# statistics

posted by on .

On Wednesday afternoons last year a teacher regularly took her class out to study traffic flow through a small village. Her studies established that lorries pass through the village at a rate of 1.5 per 5-minute period on Wednesday afternoons.

This year she had to take her class out on Thursday morning. In a half-hour period the class observed 15 lorries passing through the village.

Stating your hypotheses clearly and using a 5% level of significance, test whether or not there is evidence that the rate of lorries passing through on Thursday mornings is greater than the rate on Wednesday afternoons

• statistics - ,

The hypothesis is that the rate of lorries passing through the village on Thursday mornings is 1.5 every five minutes - or equivalently, 9 per half hour.

We've just observed 15 lorries passing through the village in a half-hour period, and we want to know whether it is credible that the rate is really 9 per half-hour in the light of that evidence.

If the rate of lorries passing through the village is really 9 per half-hour, then the probability of getting 0, 1, 2, 3 etc lorries passing through within a half-hour period is given by the Poisson distribution with parameter m = 9. Then the probability of getting exactly k lorries within a half-hour period will be { (m^k) x exp(-m) / k! }. If you have access to a spreadsheet you can work out the probabilities of getting any specific value of k - for example, the probabilities of getting k = 0, 1, 2, 3 and 4 are 0.0001, 0.0011, 0.005, 0.015 and 0.0337 respectively, and it'll take you just a few minutes to tot up all the probabilities upto and including 14 - in which case I reckon you'll get 0.9545. For your observed result of 15 lorries to be statistically significant, the total probability of observing 15 lorries OR MORE (don't forget that bit) would need to be less than 0.05. But the figure you want is just one minus the figure I've just calculated above - which is 0.0455. So that's a significant result (but only just).

If you DON'T have access to a spreadsheet, you'd need to use the Normal approximation to the Poisson distribution to get at the probability you want. The variance of the Possion distribution is equal to the mean, so under your hypothesis both the mean and the variance are 9. So how many standard deviations above the mean is 15 lorries? Your data is discrete however, not continuous, so I suspect you ought to calculate the probability of getting more than 14.5 lorries rather than more than 15 lorries here. Your test statistic then is Z = (14.5 - 9) / sqrt(9) = 1.833, and if you look that up in a set of Normal tables, you'll find that the area to the right of 1.833 is about 1 - 0.968 = 0.032, which again is a significant result.

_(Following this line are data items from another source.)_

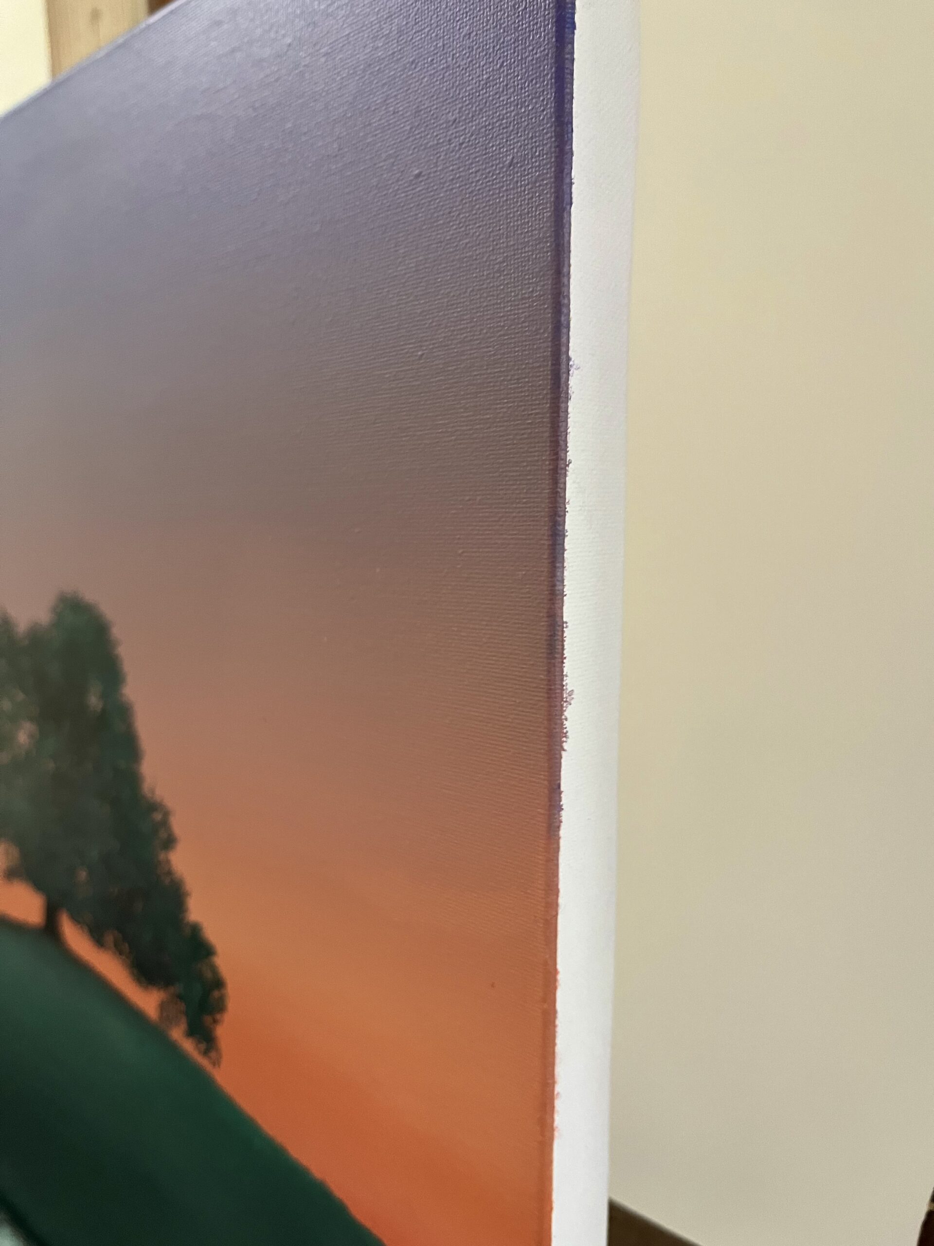 The sides of the painting are painted white. The painting comes with hanging fixtures and is ready to hang on the wall.
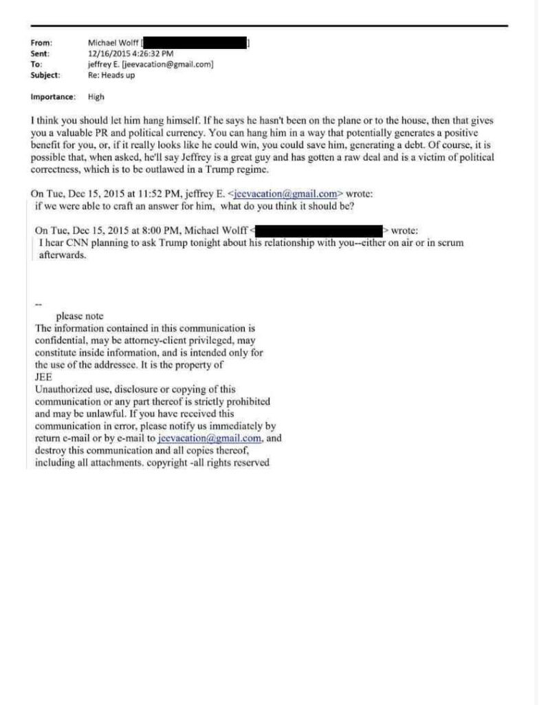 Det andra meddelandet är från 2015. Där diskuterar Epstein med författaren Michael Wolff om strategin för beteendet under den amerikanska ledarens valkampanj. Wolff rekommenderade affärsmannen att följa republikanernas uttalanden och låta honom "hänga sig själv" när han svarade på frågor om huruvida han hade vistats på Epsteins egendom.
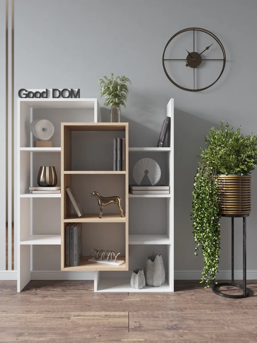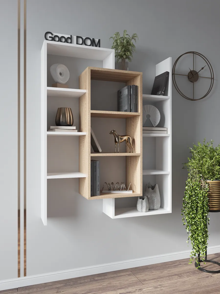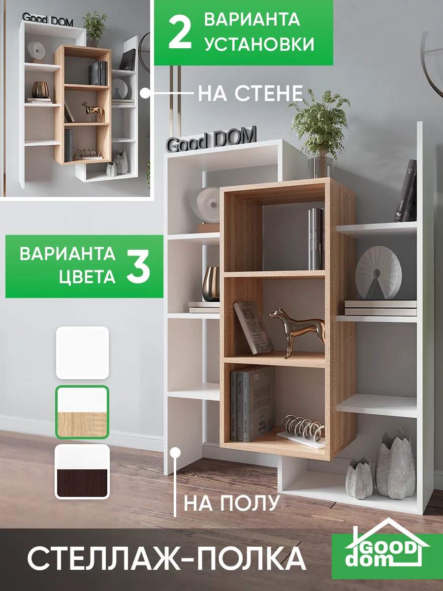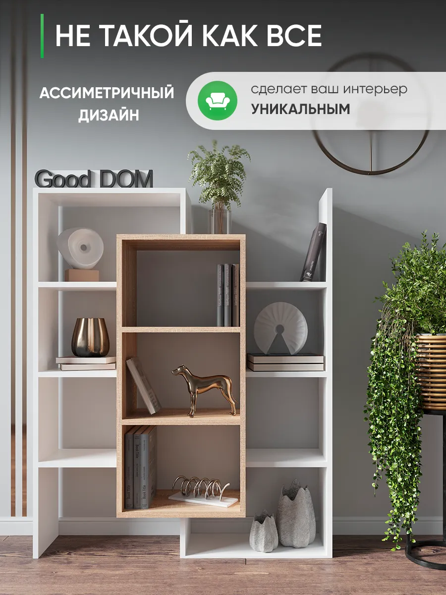 Стеллаж-полка «Лайм» универсальное интерьерное решение для любой комнаты. Стеллаж может быть размещен на полу как напольная полка с секциями, либо с помощью настенного крепления и использоваться как настенная полка. Множество открытых полок и поверхностей (секций) стелажа позволяют комфортно разместить декор, книги, цветы и остальные необходимые вам вещи, а необычная форма поможет сделать ваш интерьер интереснее. Шкаф вместительный, но узкий - что позволит с максимальной пользой использовать свободное пространство и уместить его даже в маленькой комнате. В настенной вариации «Лайм» станет вместительной книжной полкой, которая не будет занимать много места, а компактно размещаться на стене, освобождая площадь пола. Настенная полка или стеллаж решать вам. Три центральные полки наиболее глубокие и вместительные, остальные по бокам воздушные - что в сочетании создает современный и необычный дизайн. Стеллаж белый наиболее популярная модель, но есть еще несколько разных расцветок - вы можете выбрать именно тот цвет, который подходит под Ваш интерьер и сочетается с уже имеющейся мебелью. Данная модель отлично подойдёт как шкаф офисный, как стеллаж для игрушек в детскую, шкаф в спальню под необходимые мелочи и аксессуары. Еще одно применение - этажерка для игрушек, для размещения цветов и растений. Так же стеллаж может с легкостью стать книжным шкафом для удобного хранения любимых книг. Стеллаж в прихожей найдет свое место под аксессуары или сумки - открытый шкаф в коридор. Благодаря открытым полкам и нестандартному их расположению стеллаж часто используют в зонировании пространства как перегородку. Наш стеллаж изготовлен на новом оборудовании из высококачественных материалов ЛДСП. Мы дорожим качеством и внешним видом нашей продукции, поэтому вся продукция проверяется перед отправкой отделом контроля и упаковывается в коробки с дополнительной твердой защитой. В нашем ассортименте есть много интересных моделей мебели, что позволяет собрать комплект мебели от бренда Good дом, все в Дом, которая сочетается между собой. Чтобы посмотреть всё - просто нажмите на иконку логотипа.
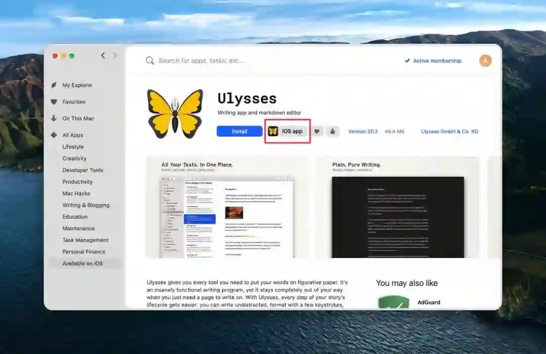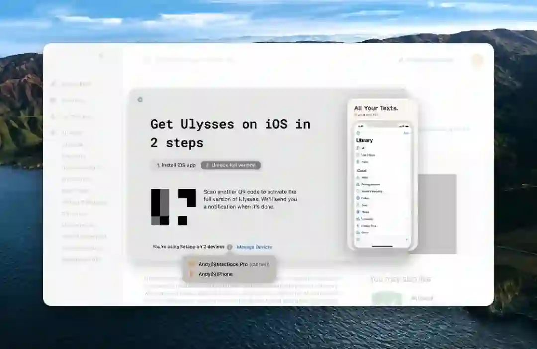 作为 Setapp 中最受欢迎的应用之一,Ulysses 在适配新的解锁机制的同时也提供了一段时间的缓冲期。在 8 月 31 日之前,通过 iCloud 账户解锁付费功能的还能继续使用,之后就需要在 Setapp 购买新的子席位。
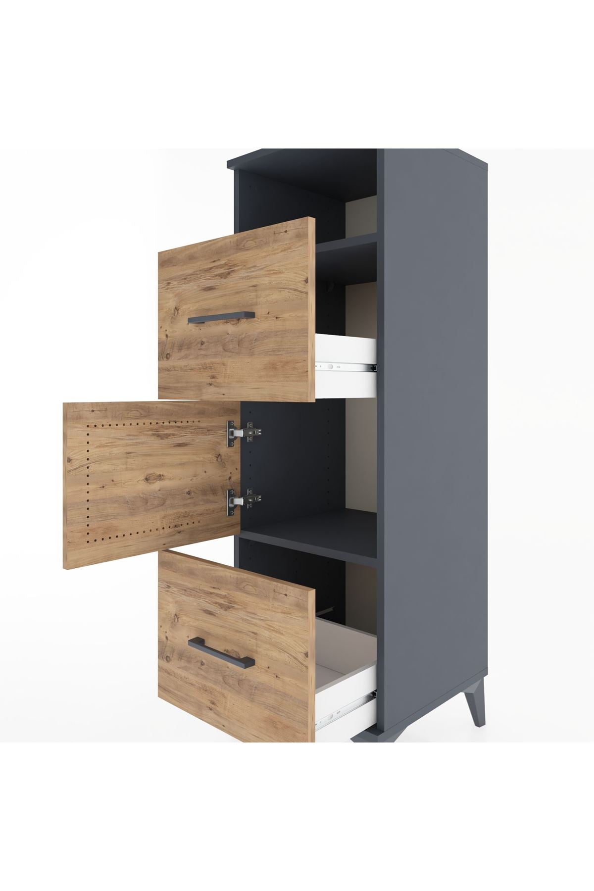 Hyperion Dolap 2 Raflı 2 Çekmeceli Tek Kapaklı 44x44x134 Antrasit-Çam
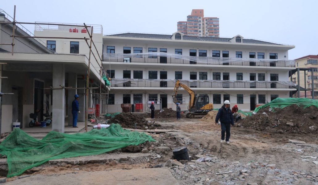 3月24日上午,在敬老院内,挖掘机正在作业,工人们有序推进各项施工。

Either way, you're concluding that at the 5% level of significance, your evidence is just sufficient to allow you to conclude that the rate on Thursday mornings is greater than the rate on Wednesday afternoons. (Note that this is a one-sided test: you're only testing the alternative hypothesis that the number of lorries passing through per half-hour is GREATER than 9. That's why you don't have to worry about the corresponding lower tail of the distribution - it's only the upper tail you need.)